A few years later, tatting provided the inspiration for naming a new fern found in County Wicklow, Ireland as ‘the Tatting Fern’ (Athyrium filix-femina ‘Frizelliae’). This plant is aptly named because the fronds resemble strings of alternating green tatted rings.
Around 1851, a way to join the rings while they were being made was devised, thus shortening the time needed to finish a piece. By 1864, tatted chains, which use a second thread but the same knot, were incorporated into pieces; thereby adding to the stability and versatility of patterns offered. Tatting became a popular pastime and source of extra income during the years of reconstruction following the American Civil War.
In the early 1900s, Romania’s Queen Elizabeth (Carmen Sylva) is said to have incorporated her personal precious and semi-precious jewels into her tatted works. Legend has it these pieces were then donated to a local monastery rather than have the jewels fall into the possession of her husband’s paramour.
Tatting offered solace to Russian Tsaritsa Alexandra Romanov during her family’s house arrest during World War I. In 1918, she wrote about her tatting in her diary the day before she, her husband Tsar Nicholas II, and the Imperial family were executed during the Bolshevik revolution. Whether by coincidence or intent, her second daughter’s name was Tatiana.
The remainder of the 20th century brought additional techniques such as needle tatting, split ring and pearl tatting, (which uses more than two threads), but even modern technology has failed to create a machine to replace the human. Despite being a throw back to older times, tatting has made numerous appearances in the modern world.
James Abbott McNeill Whistler drew his model wielding her shuttle in his piece entitled “Tatting” (etching and drypoint on laid Japan paper, 1873, currently viewable on http://www.drawingsandprints.com/CurrentExhibition/detail.cfm?ExhibitionID=6&Exhibition=21).
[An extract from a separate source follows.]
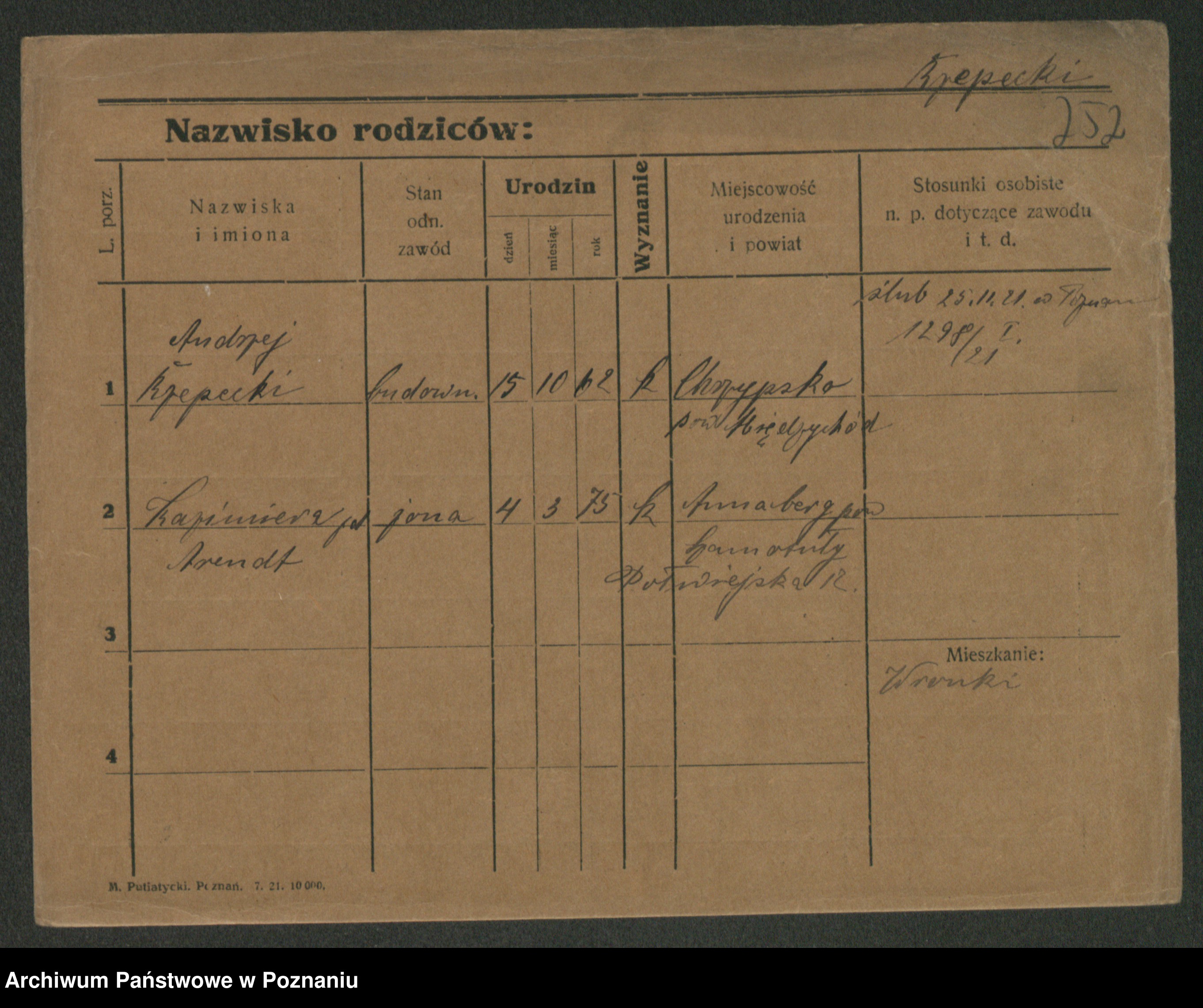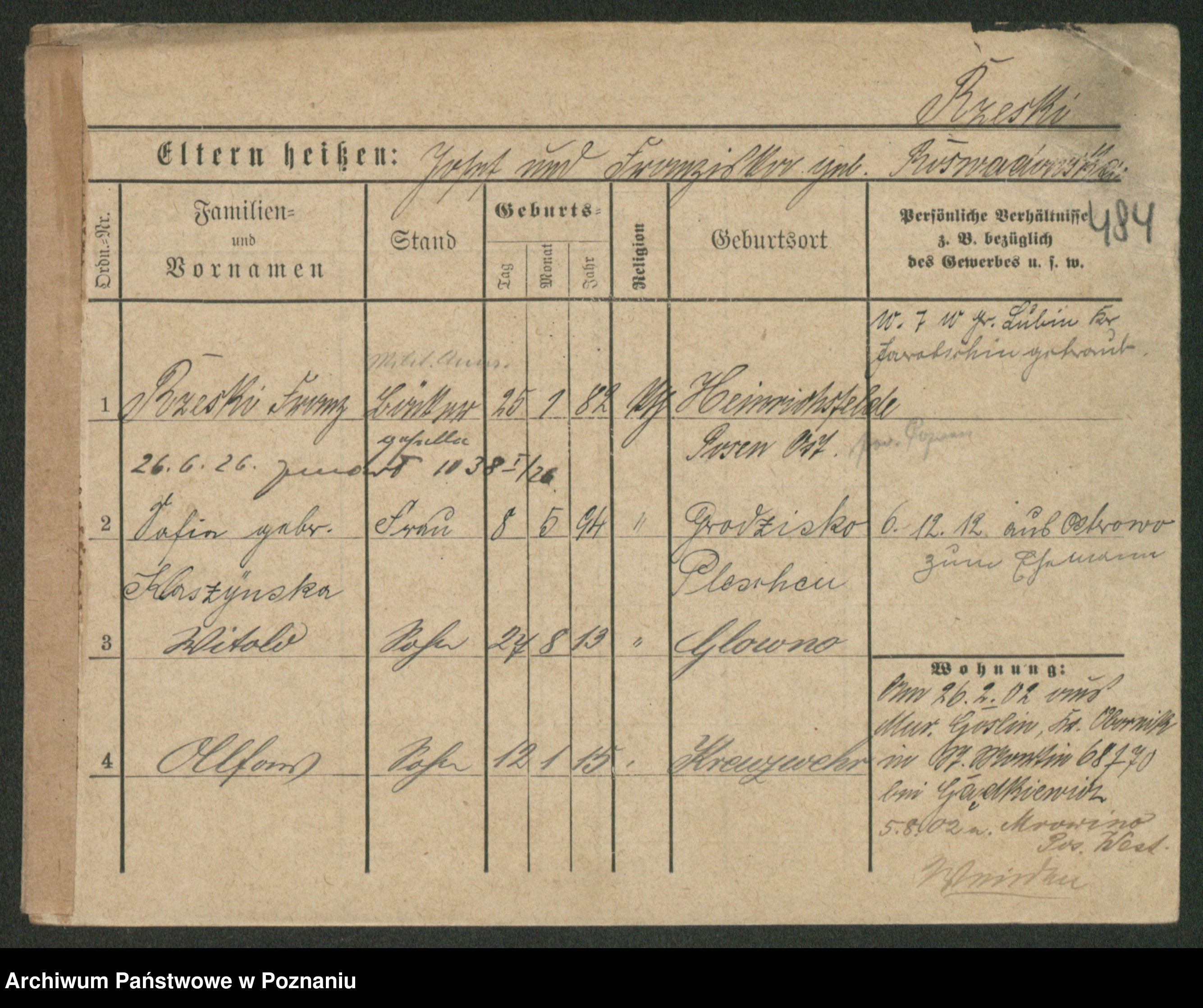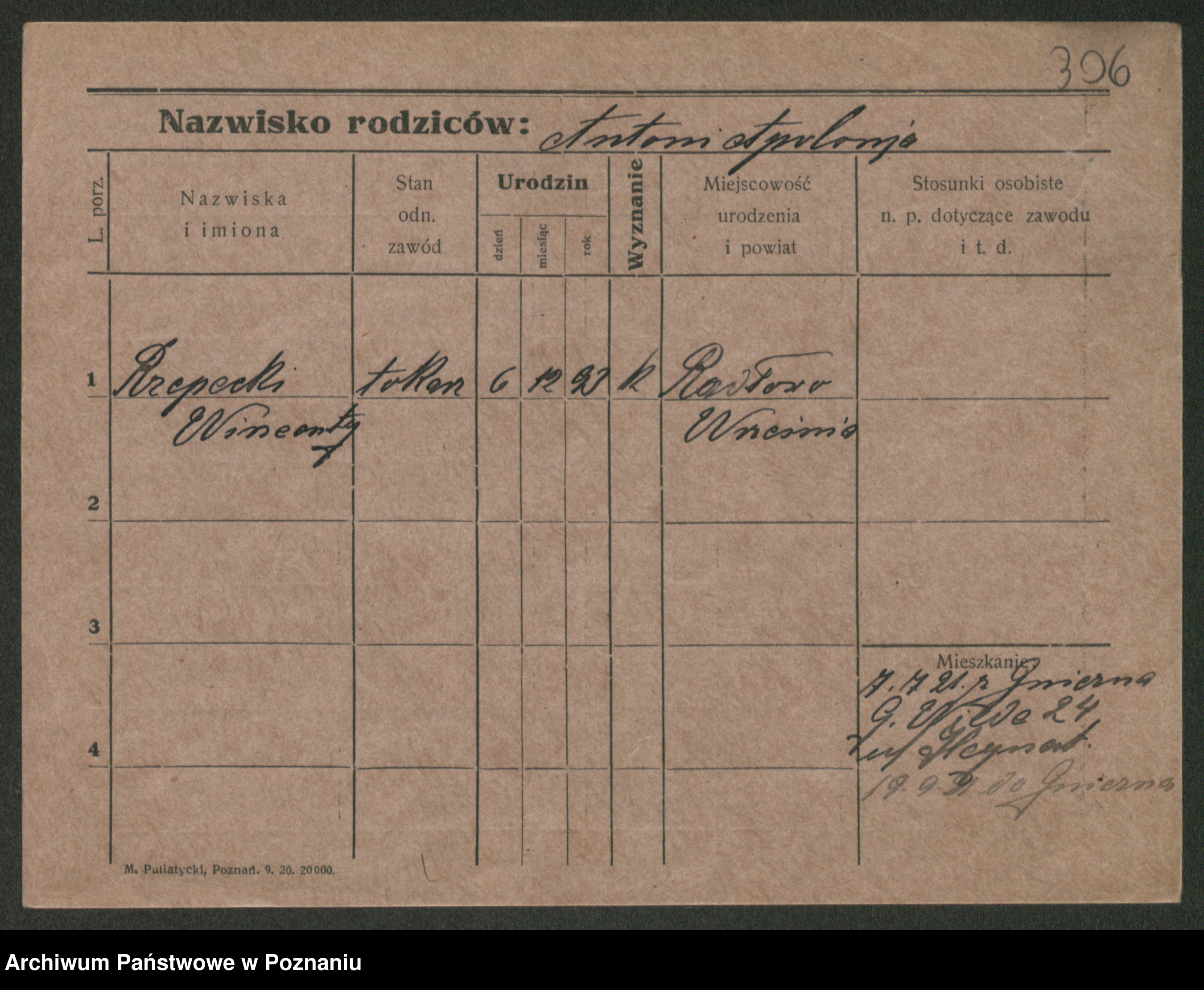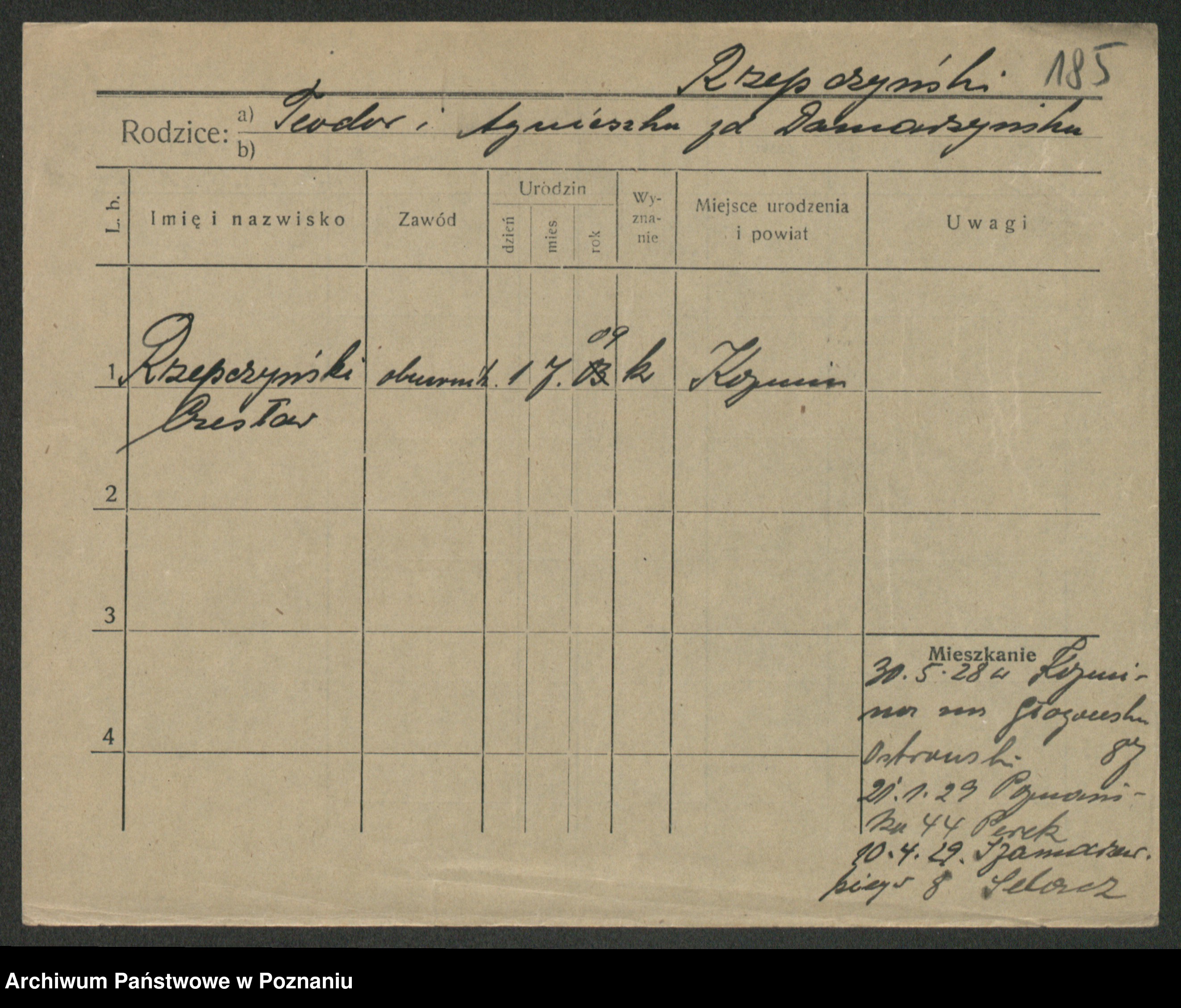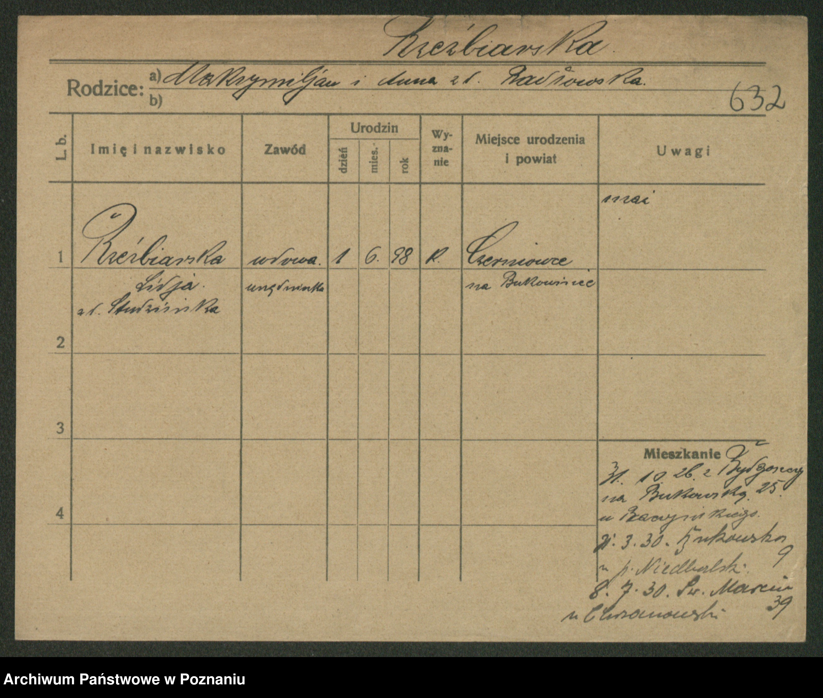 Podgląd karty osobowej dostępny jest po kliknięciu na nazwisko lub ikonkę karty. Można dokonywać powiększenia (ikony na górze) lub przechodzić między kolejnymi skanami (strzałki po bokach).

Pierre-Auguste Renoir featured it in his painting “Girl Tatting” (oil on canvas, 1906-8, now in the Philadelphia Museum of Art http://www.philamuseum.org/collections/permanent/59587.html). Depression glass manufacturer Heisey used tatting as a model for its pattern #3317 etch #33 in 1920.
Tatting was literally brought center stage in Florenz Ziegfeld’s production of “Laceland” in the “Follies of 1922” and “Follies of 1923,” probably due to earlier collaborations with Titanic survivor Lady Duff-Gordon (Lucy Christiana Sutherland Wallace Duff-Gordon). Under the salon name “Lucile,” Lady Duff-Gordon designed costumes for Ziegfield’s productions and for the well-to-do socialites of London, Paris and New York and endorsed a small book of tatting patterns.
Tatting was featured in the 1949 Walt Disney cartoon “The Adventures of Ichabod and Mr. Toad;” the comic strip “Pogo” by Walt Kelly; in Disney’s “The Golden Helmet” from the 1952 Donald Duck comic book #408; and in the books Gone with the Wind by Margaret Mitchell, Little Women by Louisa May Alcott and Stranger in a Strange Land by Robert Heinlein, amongst many others.
Tatting was also mentioned in a song from the album Hunky Dory by David Bowie and most recently in the song “The Old Gumbie Cat” from the Broadway musical Cats.
The words “tatting” and “tat” are frequently found in crossword puzzles although few know what tatting actually looks like!
Contrary to popular belief, tatting is not a vanishing art form. Lessons and instructional videos are available, and new patterns are published in books and various periodicals on a regular basis. With easy access to the Internet, many YouTube videos can be viewed and thousands of other tatters may be located throughout the world for tips and patterns, and to celebrate International Tatting Day, which is April 1st.